People are staying healthy and living longer and the old stages of life no longer hold. According to some scientists, a woman who reaches age 52 today and remains free of cancer can expect to live to age 92. Best-selling author Gail Sheehy tells us, “People now have three adult lives to plan for; a provisional adulthood from 18 to 30; a first adulthood from about 30 to the mid-40s and a second adulthood from about 45 into the 80s.” She says that the key to mastering this passage is to do something people generally haven’t done before which is to plan for this second adulthood.

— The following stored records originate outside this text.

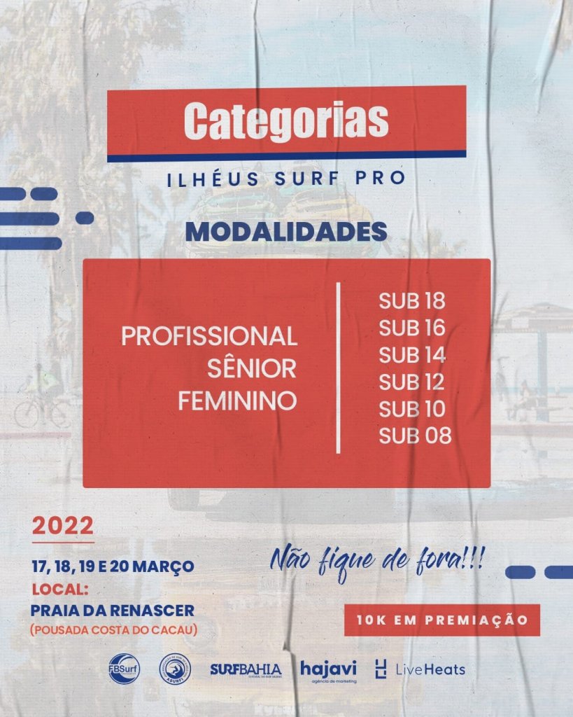 O evento acontece na praia da Renascer, na zona sul de Ilhéus e vai contar com disputas nas categorias amadoras Sub 8, 10, 12, 14, 16 e 18 , Sênior e Feminino, além da Profissional, que vai distribuir 10 mil reais em premiação. A prova acontece entre os dias 17 e 20 de março e as inscrições já estão abertas. Mais informações (73) 99115-0808.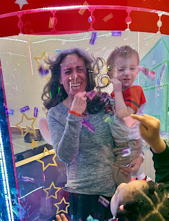 Now they have a Chuck E Cheese wind tunnel and since my grandson was afraid to go in by himself, guess who was nominated? 😵💫 Someone had the brilliant idea to catch the tickets in my shirt and I was still finding them 15 minutes later.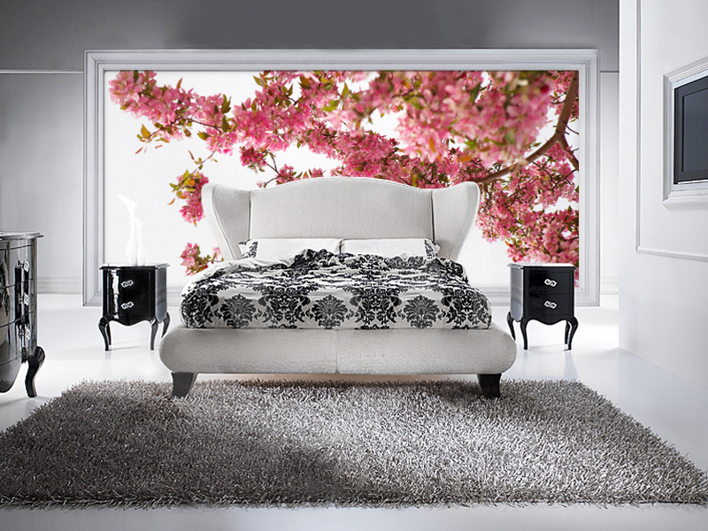 Образцы интерьеров и декора. Панно у изголовья кровати. Как один из приемов - перенесение рисунка с текстиля на печатное панно (холст, обои)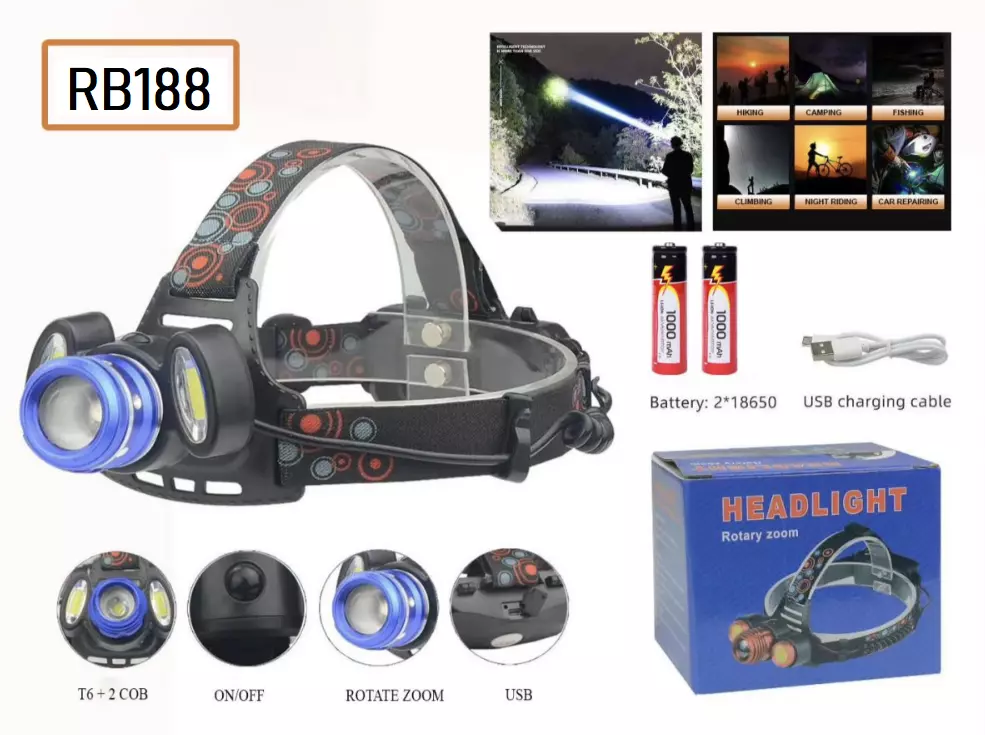 Фонарь налобный RB188/ BL-150-T6+COB / сенсорное включение/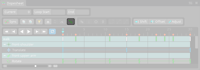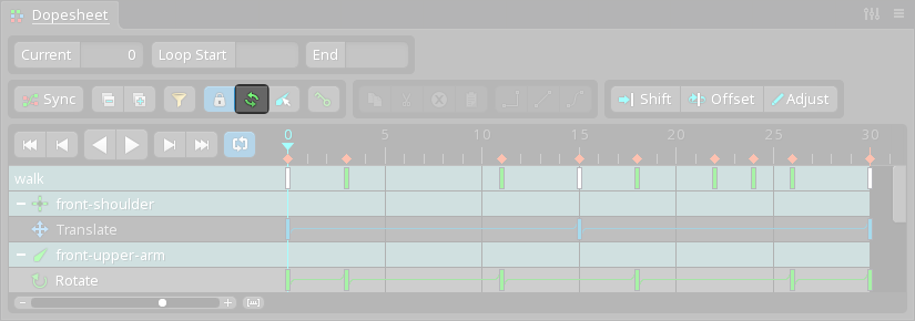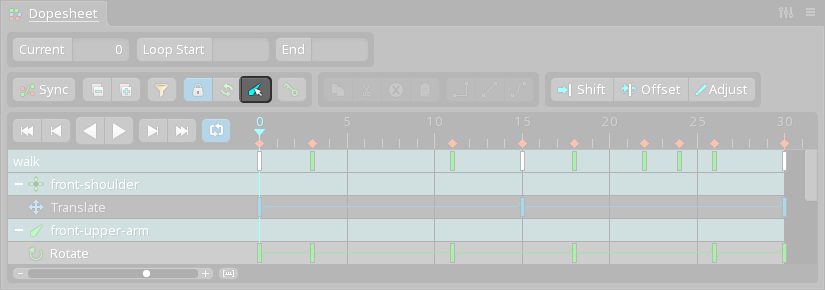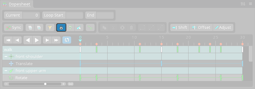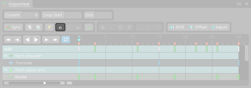 The dopesheet is unlocked by default. When unlocked, which bone rows are shown depends on the viewport or tree selection. If bones (or items under a bone) are selected, only the bone rows for those bones are shown. If no bones are selected, then all bone rows are shown.

It’s heartening to know that other women have inspiring philosophical thoughts about aging. From reading and from personal experience I’ve come to realize there is a broad range of expectation, capability, and emotional experience in aging---what is true for one woman may not be true for another. The words of the women quoted below will give you an idea of the diversity of experiences and represent some of my favorites from a variety of authors on the various ages and stages of a woman’s life.

50-60 Years Old
“Old folks today are doing more than anyone ever thought they could. Why, when we were children, folks were knocking on death’s door after turning fifty. Sixty was ancient...” Sarah L. Delany, On My Own at 107 , HarperCollins, 1997

60-70 Years Old
“Sixty years bring with them the privilege of discernment and vision: a capacity to behold, in the blink of an eye, the sweeping panorama of a life fully lived.” Cathleen Rountree, On Women Turning 60: Embracing the Age of Fulfillment, (c) 1997, Harmony Books, NY

70-80 Years Old
“...when I think that I’m seventy-eight, I think--how could that be? I just don’t feel like whatever I would have thought seventy-eight would feel like. I just feel like myself.” Betty Friedan, Life So Far, Touchstone, NY (c) 2000

80-90 Years Old
“I am more and more aware of how important the framework is, what holds life together in a workable whole as one enters real old age, as I am doing. A body without bones would be a impossible mess, so a day without a steady routine would be disruptive and chaotic.” May Sarton, At Eighty: A Journal, W.W. Norton, (c) 1996

90-100+ Years Old
“I must tell you at once that I have become over ninety in the course of writing this book, and yes, being over ninety is different....I can say with all honesty, I’d rather be a very old woman than a very young one. ” Rebecca Latimer, You’re Not Old Until You’re Ninety, Blue Dolphin Publishing, 1997

“Somewhere along the line I made up my mind I’m going to live, Bessie. I guess I probably don’t have that much longer on this Earth, but I may as well make the best of it.” Sarah L. Delany, On My Own at 107, page 143, HarperCollins, 1997

Which quote do you relate to or like the best?